Jesus didn’t have a problem with Judas. He didn’t blame him. Jesus prayed for all his disciples, including Judas, on the night he was betrayed.

John 17:6-18
6 “I have revealed you to those whom you gave me out of the world. They were yours; you gave them to me and they have obeyed your word. 7 Now they know that everything you have given me comes from you. 8 For I gave them the words you gave me and they accepted them. They knew with certainty that I came from you, and they believed that you sent me. 9 I pray for them. I am not praying for the world, but for those you have given me, for they are yours. 10 All I have is yours, and all you have is mine. And glory has come to me through them. 11 I will remain in the world no longer, but they are still in the world, and I am coming to you. Holy Father, protect them by the power of your name, the name you gave me, so that they may be one as we are one. 12 While I was with them, I protected them and kept them safe by that name you gave me. None has been lost except the one doomed to destruction so that Scripture would be fulfilled. 13 “I am coming to you now, but I say these things while I am still in the world, so that they may have the full measure of my joy within them. 14 I have given them your word and the world has hated them, for they are not of the world any more than I am of the world. 15 My prayer is not that you take them out of the world but that you protect them from the evil one. 16 They are not of the world, even as I am not of it. 17 Sanctify them by the truth; your word is truth. 18 As you sent me into the world, I have sent them into the world. 19 For them I sanctify myself, that they too may be truly sanctified.

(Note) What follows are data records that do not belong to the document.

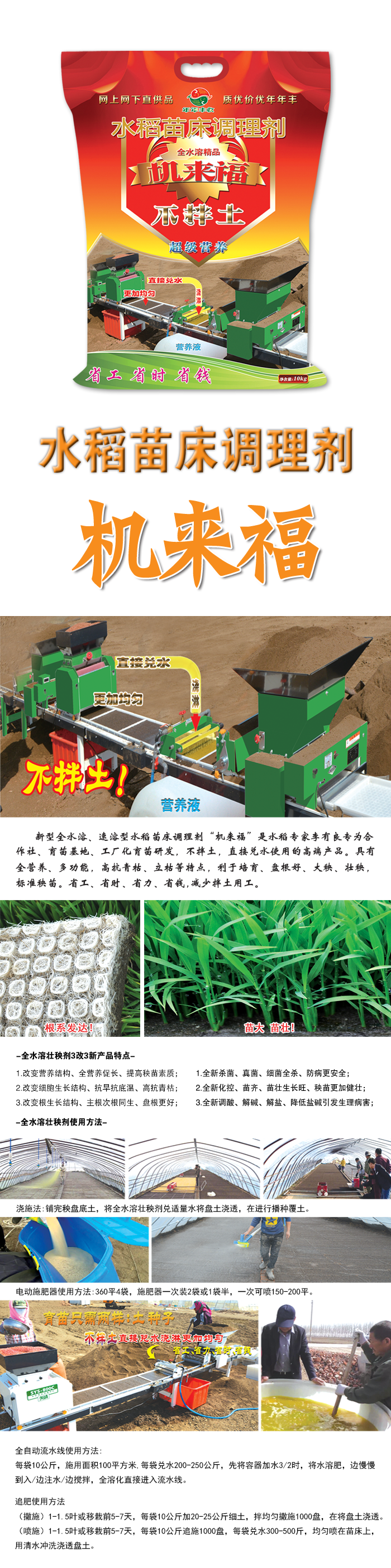 新型全水溶、速溶型水稻苗床調(diào)理劑“機(jī)來?!笔撬緦<依钣辛紝楹献魃?、育苗基地、工廠化育苗、機(jī)插秧育苗研發(fā),不拌土,直接兌水使用的高端產(chǎn)品。具有全營養(yǎng)、多功能,高抗青枯、立枯等特點(diǎn),利于培育、大秧、壯秧、盤根好,標(biāo)準(zhǔn)秧苗省工、省時(shí)、省力、省錢,減少拌土用工,降低育苗成本,使用更加方便。
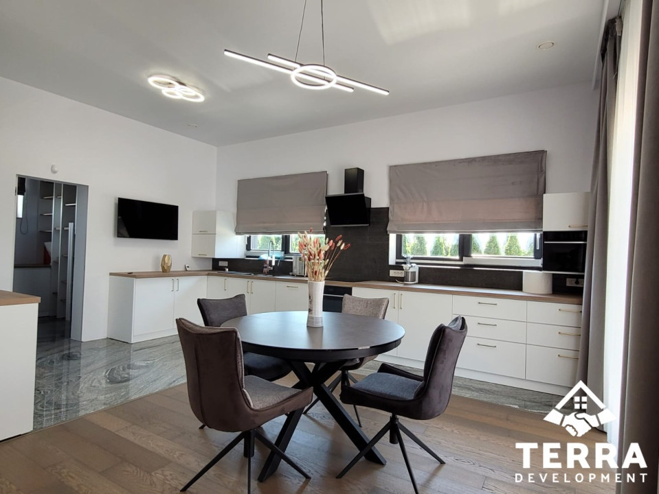Amplasată pe un teren de 1.020 mp, cu o suprafață de 300 mp, proprietatea impresionează prin calitatea construcției, finisaje superioare și eficiență energetică remarcabilă.
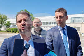 Козлодуй (20 април 2024) Служебният министър-председател и служебният министър на енергетиката са на посещение в Атомната електроцентрала „Козлодуй“, където днес пристигна първата доставка на ядрено гориво от компанията „Уестингхаус“. На снимката: народният представител от ГЕРБ-СДС Делян Добрев (вляво), народният представител от ДПС Станислав Анастасов (вдясно).
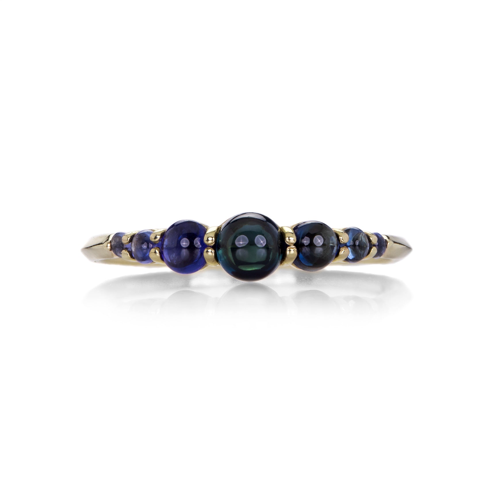 Wear a little sugar and spice up your day in this 14k yellow gold ring from Tamsin Rasor! A dramatic array of blue sapphire cabochons totaling 1.07cttw are snugly set across the face. Knife edge band is slightly tapered. Size 6.75. Handcrafted in New York, NY, U.S.
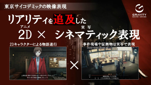 本作の映像表現は,リアリティを追求した2Dアニメと実写映像を融合した「2D×シネマティック表現」を標榜。物語の進行には2Dキャラクターを使用し,事件現場や物証などには実写映像を採用している。
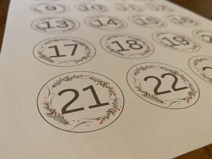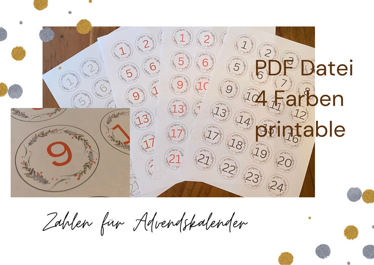 Zum Ausdrucken benötigst du einen handelsüblichen Drucker & Papier nach Wahl. Du kannst die Zahlen auf normalem weissen Druckerpapier drucken und ausschneiden oder dirkekt auf Stickerbogen drucken (dieses Layout ist angepasst an die Avery Zweckform Sticker rund, 24 pro Bogen, 4 cm Durchmesser)

Before this, at the Passover, (The Last Supper), Jesus says this to Simon (Peter) in Luke 22:31-32
31 “Simon, Simon, Satan has asked to sift all of you as wheat. 32 But I have prayed for you, Simon, that your faith may not fail. And when you have turned back, strengthen your brothers.”

Jesus wasn’t against any of them. Jesus loved and prayed for them all. He gave all of them powers. He didn’t want to divide them.

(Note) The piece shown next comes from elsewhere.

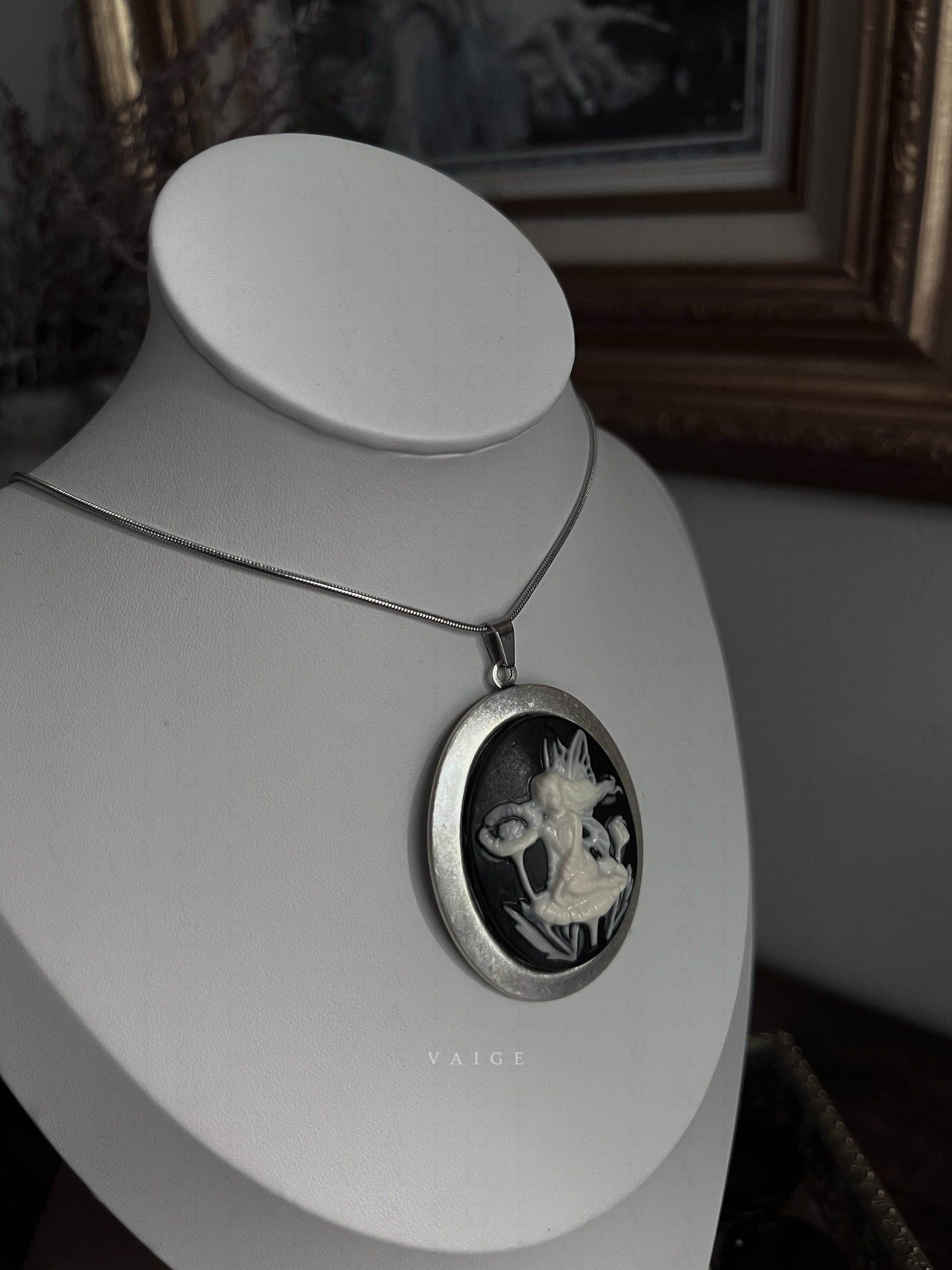 This exquisite necklace features a stunning fairy on a flower cameo, beautifully crafted from durable stainless steel, ensuring longevity and shine. The intricate design showcases delicate details, making it a perfect addition to any collection.

How many of us would be willing to be used like Judas was? We think we are in control, when we forget that it is always God who is in control. We are the clay in the potter’s hand.

Isaiah 64-8
Yet you, LORD, are our Father. We are the clay, you are the potter; we are all the work of your hand.

We aren’t in charge. We never were.

Judas wasn’t the bad guy. Judas was fulfilling the role that God gave him. Jesus calls him “Friend”. Jesus didn’t hate Judas, and neither should we. If it weren’t for Judas, Jesus would not have died the way he had to die – and remember he had to die in order to be raised from the dead.

Jesus was the sacrificial lamb. Judas just led him to the slaughter. He was fulfilling the role that was assigned to him by God. When he realized what he had done, he killed himself. He didn’t mean to – he was being used.

Let us forgive Judas, and be more kind to people (and ourselves). We never know who is doing the will of God, unbeknownst to them or us. Let us be the kind of disciples that are willing to follow God, even if it means our own destruction.